Aborigines Win Control of Sea Fishing Rights
By Roger Maynard
A LANDMARK ruling with the potential to sour relations between two of Australia’s most vociferous social groupings – Aborigines and anglers – has awarded control of 7,000km (4,300 miles) of coastto indigenous communities.
The decision by theHigh Court in Canberra gives Aborigines exclusive access to tidal waters in north-east Arnhem Land, in the Northern Territory.
It in effect allows local communities to ban non-indigenous fishermen from recreational angling and commercial fishing for everything from the barramundi giant perch to mud crabs.
In the area known as the Top End of the Northern Territory – the last frontier of a macho non-indigenous tradition – few freedoms are regarded as more important than the right to fish. Some fear that the ruling could widen the gulf between white and black communities.

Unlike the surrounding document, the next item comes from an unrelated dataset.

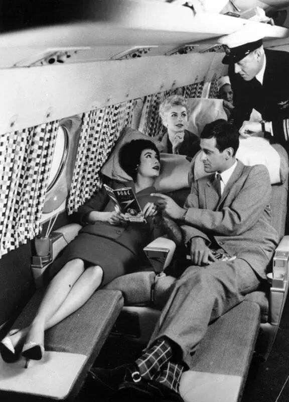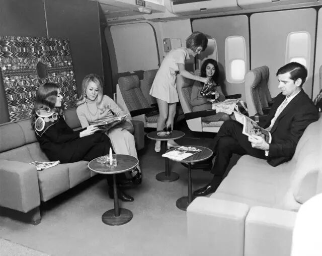 1960年代末,布兰尼夫国际机场的一架航班上,乘客正在沙发区域休息。

Until now, anyone with rod, net or line, could access Northern Territory waters, reputed to offer some of the best fishing in the world. Now traditional owners will decide how fishing is conducted along 80 per cent of the Territory’s coast. Wali Wungungmurra, chairman of the Northern Land Council, which represents indigenous groups in northern Australia, said: “We are overjoyed by this decision. We have waited 30 years for our sea rights to be legally recognised.”

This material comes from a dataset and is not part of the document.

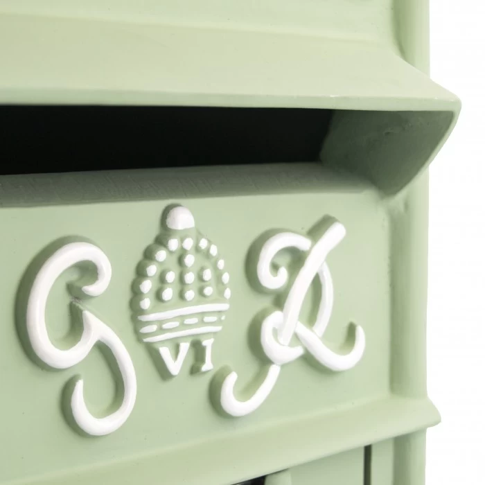 Crafted using high-grade cast aluminium casting to allow for an excellent level of detail and precision on the embossed motif and lettering. This classic GR post box front has been given a pastel green finish, updating the traditional styling of the piece with a more contemporary finish. An excellent replacement for an existing recessed post box front, or as a unique and authentic new addition to your property.

He sought to allay fears that the ruling would have an adverse effect on the non-indigenous fishing community. “A negotiated outcome will mean traditional owners around the Northern Territory’s coastline can jointly participate in the management and development of a sustainable fishing industry,” he said. This would include the protection of fishing stocks as well as sacred sites, he said, rejecting suggestions that the ruling would endanger the Northern Territory’s billion-dollar fishing industry: “Traditional owners have developed a constructive relationship with commercial and recreational fishing representatives over the past year.” Mr Wungungmurra said he looked forward to “obtaining a win-win outcome for all Territorians” in a negotiated settlement, with anglers and commercial fishing operators accorded temporary permits for at least a year.
But the Territory’s 45,000 recreational anglers, who have been offered free permits, fear the legal decision could be the thin end of the wedge.

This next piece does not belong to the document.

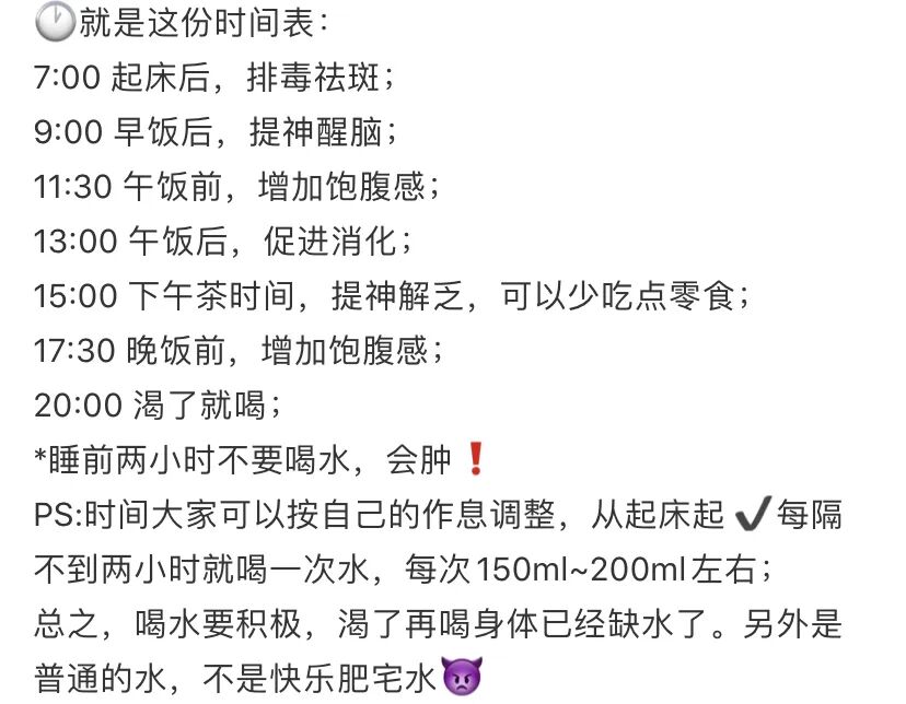 不是随便拿起来直接咕咚咕咚,要有时间讲究的,根据阿娇的分享看,从起床开始每隔两小时左右就要喝一杯150~200ml的水。

Terry Mills, leader of the Country Liberal Party, said he would not apply for a permit. He said: “The freedoms Territorians enjoy have been challenged by this decision.”
Chris Makepeace, head of the Amateur Fishermen’s Association of the Northern Territory, urged the federal government in Canberra to intervene. “We are going to have to arrange some sort of settlement with indigenous interests,” he said.
The High Court decision reflects previous legal rulings, including the 1992 Mabo judgment, which recognised that Aborigines enjoyed native title in Australia as result of their traditional occupation of the land.
That ruling declared irrelevant the theory of terra nullius, under which the British argued that the land belonged to noone.
The Northern Territory’s Chief Minister, Paul Henderson, said if re-elected he would negotiate with traditional owners to ensure people would be allowed to fish without a permit.